Typical examples (refer to llama.cpp / GGML docs for backend-specific options and recommended settings):

# CUDA example
cmake -S . -B build-cuda -DGGML_CUDA=ON

Project options:

COSYVOICE_NO_AUDIO=ON/OFF (disable/enable audio helper APIs)
COSYVOICE_NO_FRONTEND=ON/OFF (disable/enable ONNX frontend)
COSYVOICE_NO_ICU=ON/OFF (disable/enable ICU text normalization)
BUILD_SHARED_LIBS=ON/OFF

Practical combinations:

# Core-only build (no ONNX frontend, no ICU text norm)
cmake -S . -B build-core -DCMAKE_BUILD_TYPE=Release -DCOSYVOICE_NO_FRONTEND=ON -DCOSYVOICE_NO_ICU=ON

# No-audio build (CLI output forced to WAV fallback path)
cmake -S . -B build-noaudio -DCMAKE_BUILD_TYPE=Release -DCOSYVOICE_NO_AUDIO=ON

Using Custom Dependencies

You can point CMake to custom dependency locations with cache variables:

cmake -S . -B build \
  -DGGML_SOURCE_DIR=/path/to/ggml \
  -DICU_PREBUILT_DIR=/path/to/icu \
  -DORT_PREBUILT_DIR=/path/to/onnxruntime

You can also use the default prebuilt locations under your build directory:

<build_dir>/_deps/icu
<build_dir>/_deps/onnxruntime

If you place files there with the expected layout, CMake will pick them up automatically (without extra -D flags).

Expected markers/layout:

ICU: include/unicode/utypes.h (and platform libs/dlls under lib* / bin*)
ONNX Runtime: include/onnxruntime_c_api.h and runtime library files under lib

Notes:

If GGML_SOURCE_DIR does not contain GGML sources, CMake will try to clone GGML.
If ICU/ONNX Runtime are not found by find_package, CMake will use/download prebuilt binaries into the configured prebuilt directories.
On Windows, prebuilt DLLs are copied next to built executables for local running.

Model Conversion to GGUF

Use this repository's conversion script (convert_model_to_gguf.py) to convert upstream CosyVoice model weights to GGUF for cosyvoice.cpp.
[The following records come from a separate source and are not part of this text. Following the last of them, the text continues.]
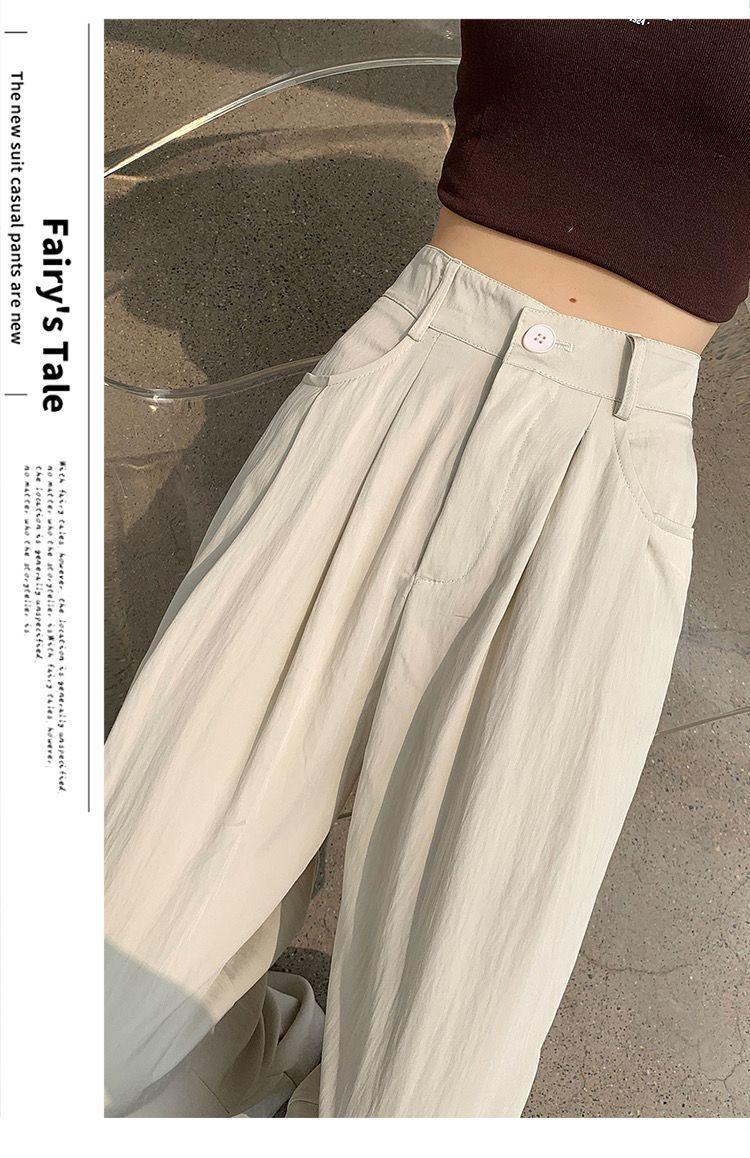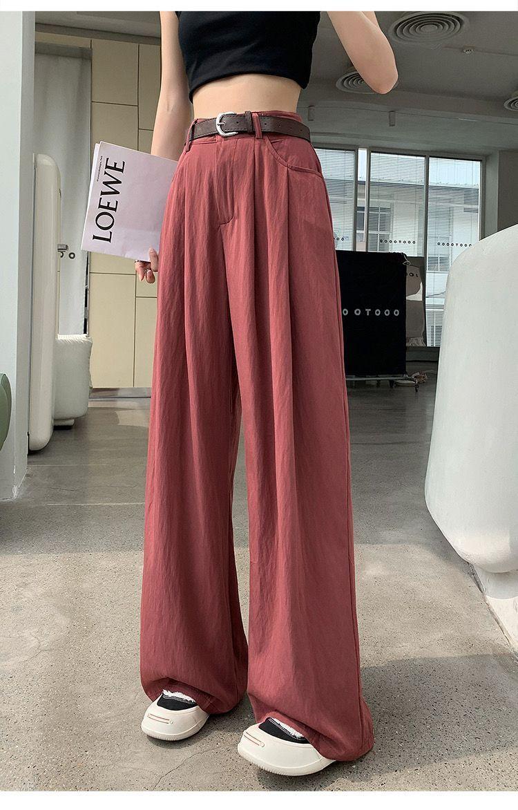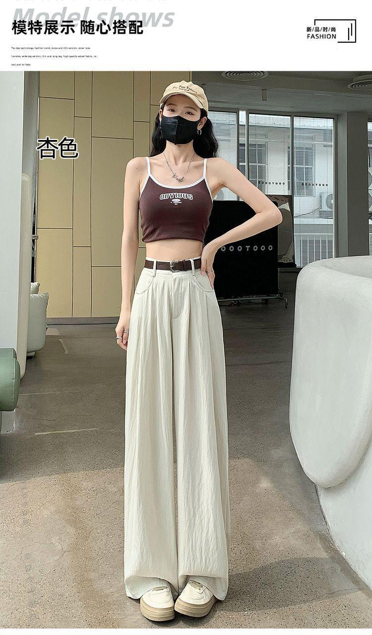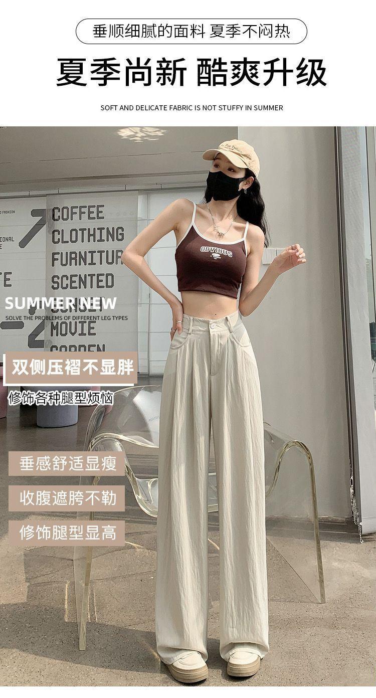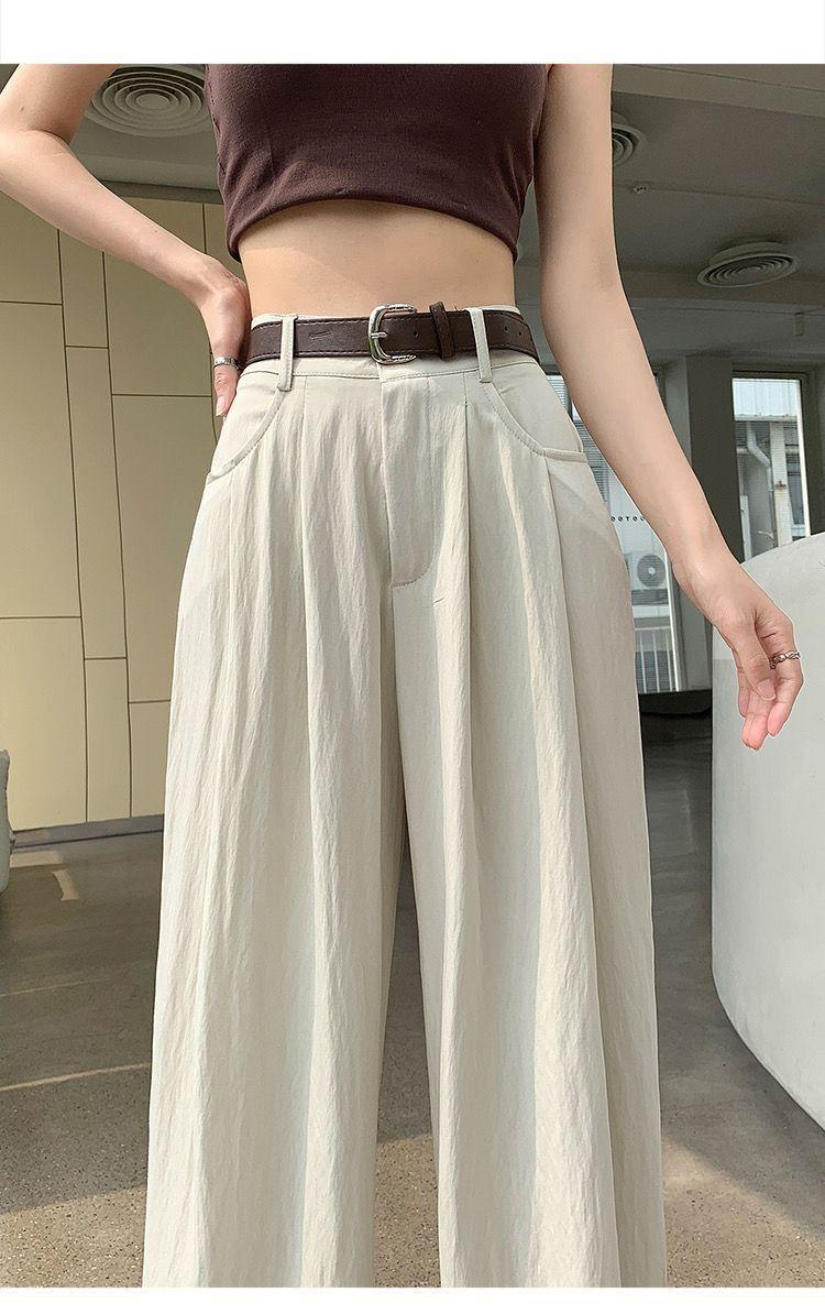 Pantalones delgados de pierna ancha para mujer Casuales holgados tipo traje 2024 Verano Cintura alta Drapeados Holgados Elegantes para ir al trabajo
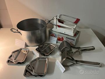 Vendo in blocco come da foto articoli da cucina in acciaio inox e alluminio. Descrizione e misure nelle foto.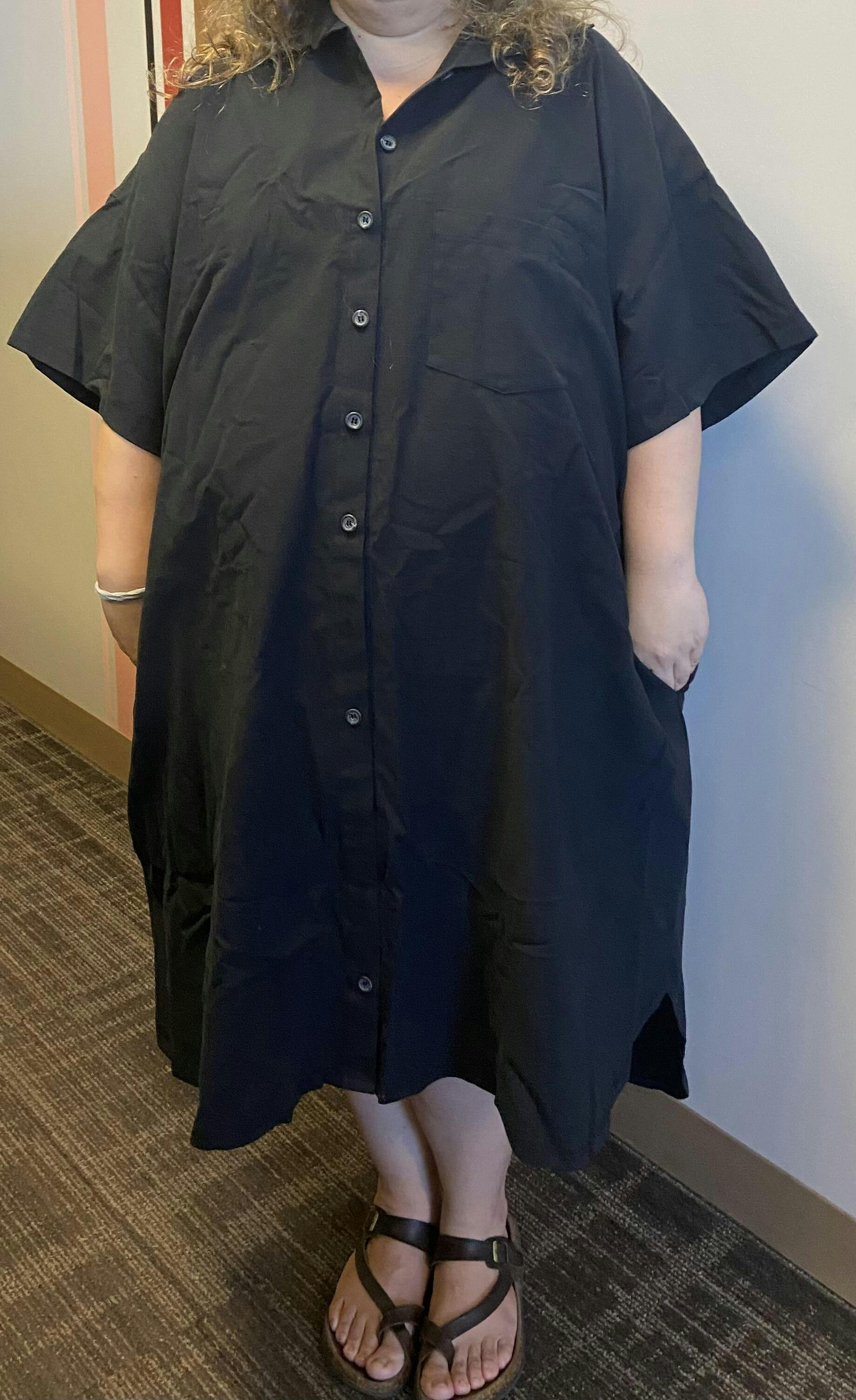 Extremely comfy dress! I straddled a 3x/4x and I went with 4x to be on the safe side of a button popping at the chest. It’s wonderful! It’s very loose and comfy / I wore it during a heat wave and it felt very comfortable. I can easily wear this out or to work. I really love the colour and feel of the fabric! I can wear shorts underneath without them showing. Would definitely recommend! I think it would look really cute for winter also with stockings and a turtle neck. And I mean!! Pockets!! The best, and they fit my phone easily and no worry of it falling out.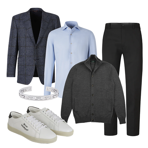 De la moda más sofisticada para el día pasamos al concepto de smart casual para aquellas celebraciones donde se requieren looks elegantes, pero sin ser demasiado formales. En este caso volvemos a repetir la combinación de americana con camisa y cárdigan, esta vez con un blazer de cuadros en azul de Canali, jersey en gris de Zanone, camisa azul de Santa Eulalia y pantalones de PT Torino. Para los complementos, puedes romper con el efecto monocromático del look con unas deportivas blancas y minimalistas, como el modelo con logotipo de Saint Laurent, y añadir un toque personal con una pulsera de Givenchy.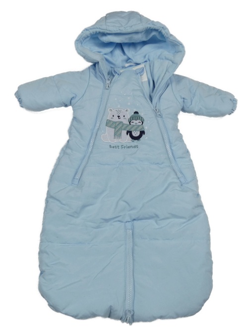 Světlemodrý šusťákový zateplený fusak s obrázkem a kapucí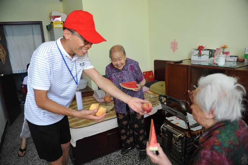 志愿者服务队一行8人来到敬老院,了解了老人的生活和身体情况,为老人们送去了牛奶、蛋糕、西瓜等慰问品,并帮助敬老院工作人员搬运了瓜果、蔬菜等。在敬老院娄院长的带领下,志愿者把切好的西瓜、蛋糕等食品送到了每一个房间每一位老人手里,并与他们聊天、谈心。老人们对于志愿者的到来感到十分开心,活动期间,敬老院里到处是欢声笑语。

Install Python dependencies first:

pip install -r requirements.txt

Minimal usage:

python convert_model_to_gguf.py \
  --yaml_config /path/to/cosyvoice.yaml \
  --ftype f16 \
  --gguf_model /path/to/CosyVoice3-2512_F16.gguf

Full example:

python convert_model_to_gguf.py \
  --yaml_config /path/to/cosyvoice.yaml \
  --llm_model /path/to/llm.pt \
  --blank_llm /path/to/CosyVoice-BlankEN \
  --flow_model /path/to/flow.pt \
  --hift_model /path/to/hift.pt \
  --gguf_model /path/to/CosyVoice3-2512_Q8_0.gguf \
  --ftype q8_0 \
  --tag 2512

--ftype options:

default, f32, f16, q8_0, q5_0, q5_1, q4_0, q4_1

Default path behavior (when not explicitly provided):

--llm_model -> <yaml_dir>/llm.pt
--blank_llm -> <yaml_dir>/CosyVoice-BlankEN
--flow_model -> <yaml_dir>/flow.pt
--hift_model -> <yaml_dir>/hift.pt

After conversion:

Verify the generated .gguf file.
(Optional) Quantize it with this repository's quantize tool.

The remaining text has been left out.